Yesterday I even convince my sister Emily, who lives on the same property, to also employ Zita. I initially arranged with Zita to come in at 10am because I do not work on Mondays, but now I phone her with the good news that she has another job and tell her to come in earlier so that Emily could show her around.


I spend a fair bit of the night busy with "Internet research" and drinking wine. Zita pitches at 7am. A shouting match ensues, only half in jest, about who said what about time.


Emily clearly forgot that Zita was coming but I pack Zita off into her house and go back to bed thinking that a house occupied by three children and a woman would keep her busy long enough for me to catch up on some much-needed sleep.


I am disappointed at Zita's efficiency when she chases me out of bed at 9:30am. Another shouting match ensues as I refuse to get up and she refuses to amuse herself a bit with more cleaning in Emily's house. She insists that I inspect her work. I tell her that I am a man and that I know from experience with women that I do not know what clean really means.


By 10:30am Zita announces that she is done. I walk up the road with her to draw money for her, but the ATM is not working as it should, so I just give Zita a generous transport allowance and buy her breakfast.

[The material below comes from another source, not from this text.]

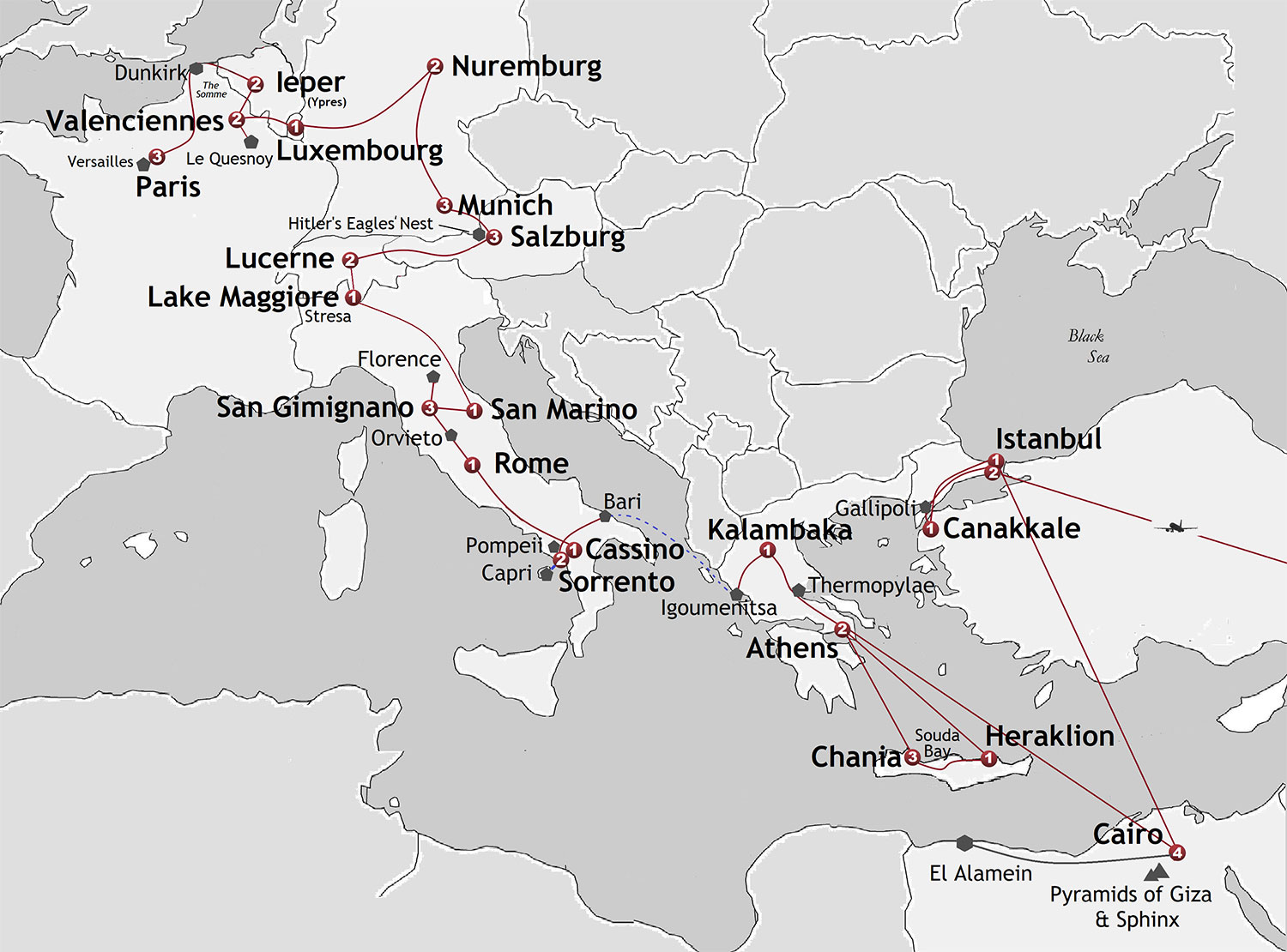 - Pay tribute at some of Europe's major WW1 & 2 theatres of war, where ANZAC troops fought leaving many dead and buried, or commemorated. Join a guided tour of some major battlefields, as well as visit Commonwealth War Cemeteries, including Gallipoli in Turkey, El Alamein in Egypt, Souda Bay in Crete, Cassino in Italy, Passchendaele in Belgium, and the Somme in France.Attend the daily Menin Gate Last Post Ceremony in Ypres, and visit the NZ Liberation Museum in Le Quesnoy.Visit Hitler's Eagles Nest in the Bavarian Alps; Medieval Nuremburg, where the Nazi Rallies were held, as well as the War Trials; and be reminded of the horrors of Dachau Concentration Camp.Spend a night on the shores of the beautiful Lake Maggiore in the stunning Italian Lakes District.Compare and contrast the Mosques of Istanbul, the Pyramids and Sphinx of Cairo, the Acropolis in Athens, with Rome's Colosseum, and the myriad Cathedrals and Palaces of Europe, all of which date back centuries.Visit some of the smallest states in the World: Leichtenstein, Luxembourg, Vatican City, and San Marino.Marvel at the towns and fortresses wrapped around rocky hilltops, such as Kalambaka, Orvieto, San Gimignano, San Marino and Salzburg.See the ruins of Pompeii, a UNESCO World Heritage site, once buried for centuries under the ashes of a 79AD eruption of nearby Mt Vesuvius.Revel in the exquisite art of the Renaissance period in Florence, and maybe shop for leather goods and jewellery, which the city is also renowned for. Many famous Italians lived, died, and are buried here.Finish the tour with style in Paris, the City of Lights, with its wide boulevards, lined by boutique fashion houses, art galleries, entertainment venues, cafes and famous landmarks.
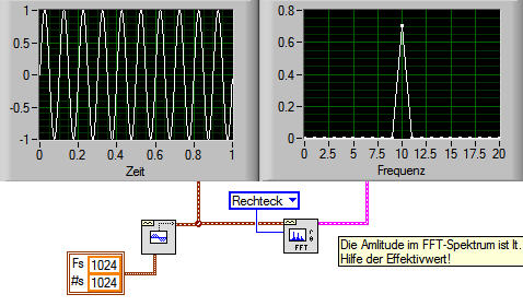Die Fourierfunktionen unter Signalverarbeitung/Signalverlaufsmessungen sind unendlich viel komfortabler, ich benutze grundsätzlich nur diese. Die kleine Mühe, einen 1D-Zeitverlauf gegebenenfalls in eine Waveform konvertieren zu müssen, lohnt sich auf jeden Fall. Man erhält mit diesen VIs genau die Ergebnisse wie man sie erwartet.

She only eats one egg on toast and when I enquire about the meagre portion, she explains that she needed to be "in shape" for the World Cup ... She plans to make lots of dollars, euros and pounds as a hooker. I just shrug and roll my eyes.


That was my maid Zita and race relations in South Africa in a nutshell ... and the spellcheck tells me that I made only one typing mistake in this whole piece ... By the way thanks to all 11 people who actually took the trouble of becoming followers of my blog. Welcome Simon.